───── MATERIAL FOR THIS EXERCISE

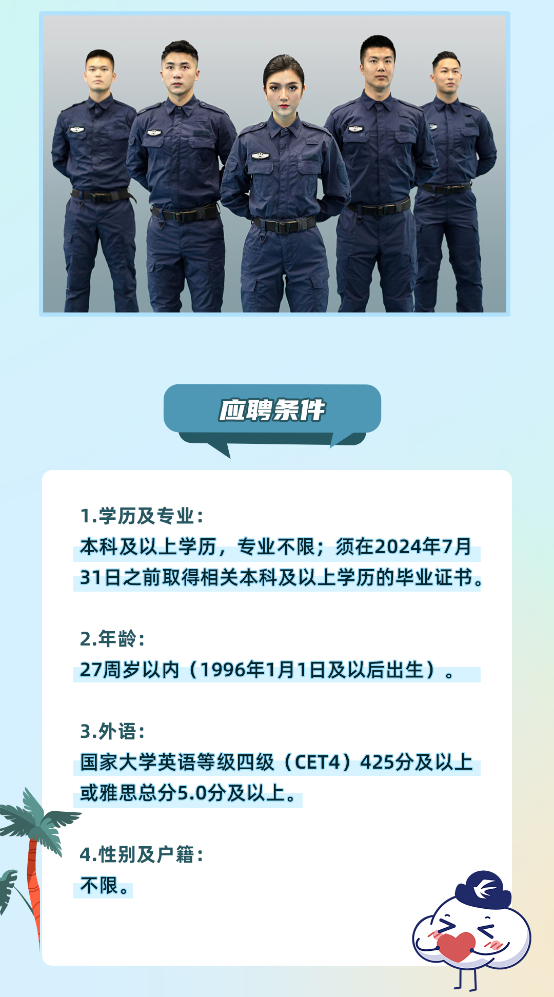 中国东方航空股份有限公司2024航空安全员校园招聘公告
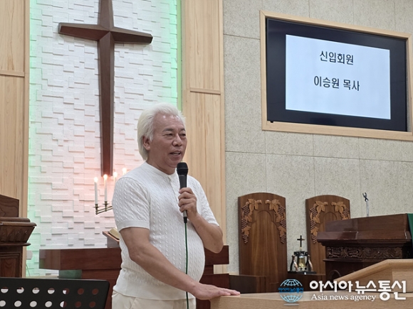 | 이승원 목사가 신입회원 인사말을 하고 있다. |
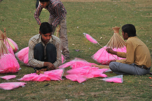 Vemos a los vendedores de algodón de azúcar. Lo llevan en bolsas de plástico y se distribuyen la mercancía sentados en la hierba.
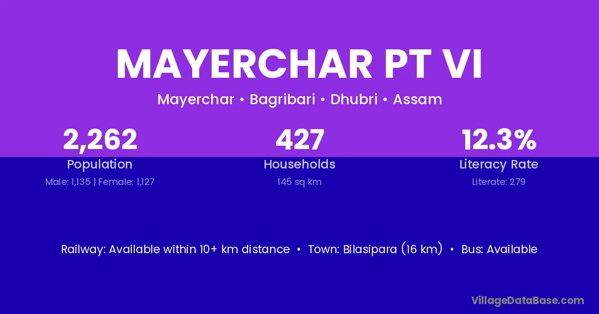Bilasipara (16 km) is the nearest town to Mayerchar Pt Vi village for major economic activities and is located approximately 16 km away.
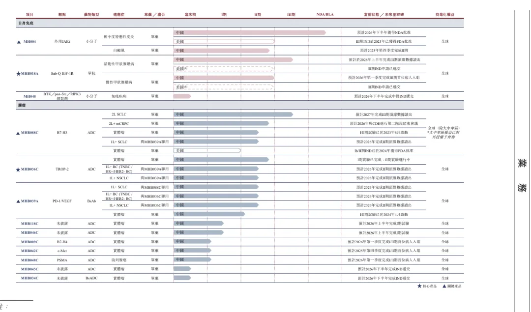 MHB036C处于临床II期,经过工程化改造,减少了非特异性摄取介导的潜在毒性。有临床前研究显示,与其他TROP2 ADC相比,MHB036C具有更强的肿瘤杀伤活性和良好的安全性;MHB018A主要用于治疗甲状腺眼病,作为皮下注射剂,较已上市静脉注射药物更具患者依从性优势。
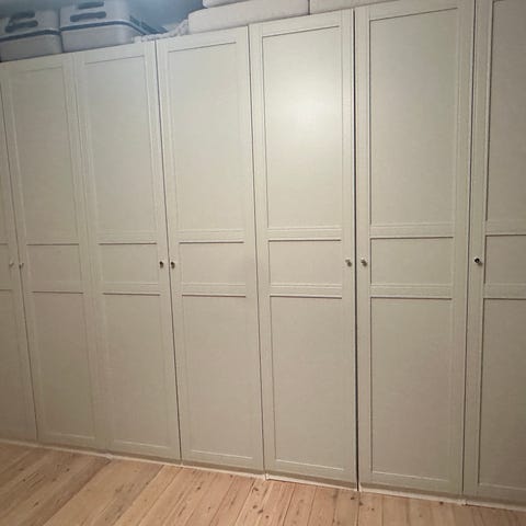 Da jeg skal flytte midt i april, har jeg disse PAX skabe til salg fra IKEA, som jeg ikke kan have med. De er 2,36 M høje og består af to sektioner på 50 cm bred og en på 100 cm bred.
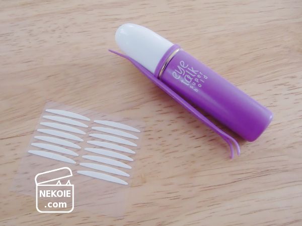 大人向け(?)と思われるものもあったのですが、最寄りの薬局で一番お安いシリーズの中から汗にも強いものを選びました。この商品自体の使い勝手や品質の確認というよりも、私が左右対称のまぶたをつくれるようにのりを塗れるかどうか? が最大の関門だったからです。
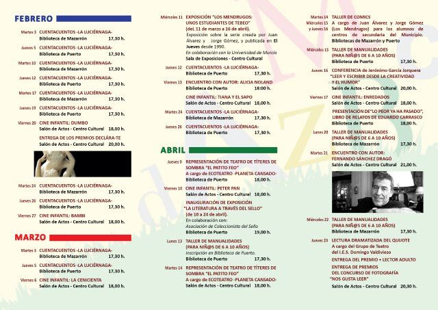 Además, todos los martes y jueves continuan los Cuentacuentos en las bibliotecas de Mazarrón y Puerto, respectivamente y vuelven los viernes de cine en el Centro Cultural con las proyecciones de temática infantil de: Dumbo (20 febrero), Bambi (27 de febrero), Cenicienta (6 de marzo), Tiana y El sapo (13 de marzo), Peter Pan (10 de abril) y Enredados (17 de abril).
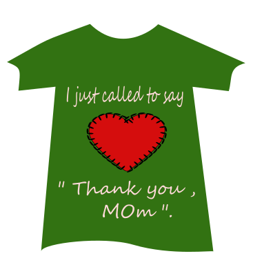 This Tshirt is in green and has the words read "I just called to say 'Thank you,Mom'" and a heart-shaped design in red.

──────────

EXERCISE REQUIREMENTS:
Only one part of the listing is wanted: the lines from the one containing "Bilasipara (16 km)" through the one containing "大人向け(?)と思われるもの", both included. Please transcribe it exactly, leaving out the pictures.

EXPECTED ANSWER:
Bilasipara (16 km) is the nearest town to Mayerchar Pt Vi village for major economic activities and is located approximately 16 km away.
 MHB036C处于临床II期,经过工程化改造,减少了非特异性摄取介导的潜在毒性。有临床前研究显示,与其他TROP2 ADC相比,MHB036C具有更强的肿瘤杀伤活性和良好的安全性;MHB018A主要用于治疗甲状腺眼病,作为皮下注射剂,较已上市静脉注射药物更具患者依从性优势。
 Da jeg skal flytte midt i april, har jeg disse PAX skabe til salg fra IKEA, som jeg ikke kan have med. De er 2,36 M høje og består af to sektioner på 50 cm bred og en på 100 cm bred.
 大人向け(?)と思われるものもあったのですが、最寄りの薬局で一番お安いシリーズの中から汗にも強いものを選びました。この商品自体の使い勝手や品質の確認というよりも、私が左右対称のまぶたをつくれるようにのりを塗れるかどうか? が最大の関門だったからです。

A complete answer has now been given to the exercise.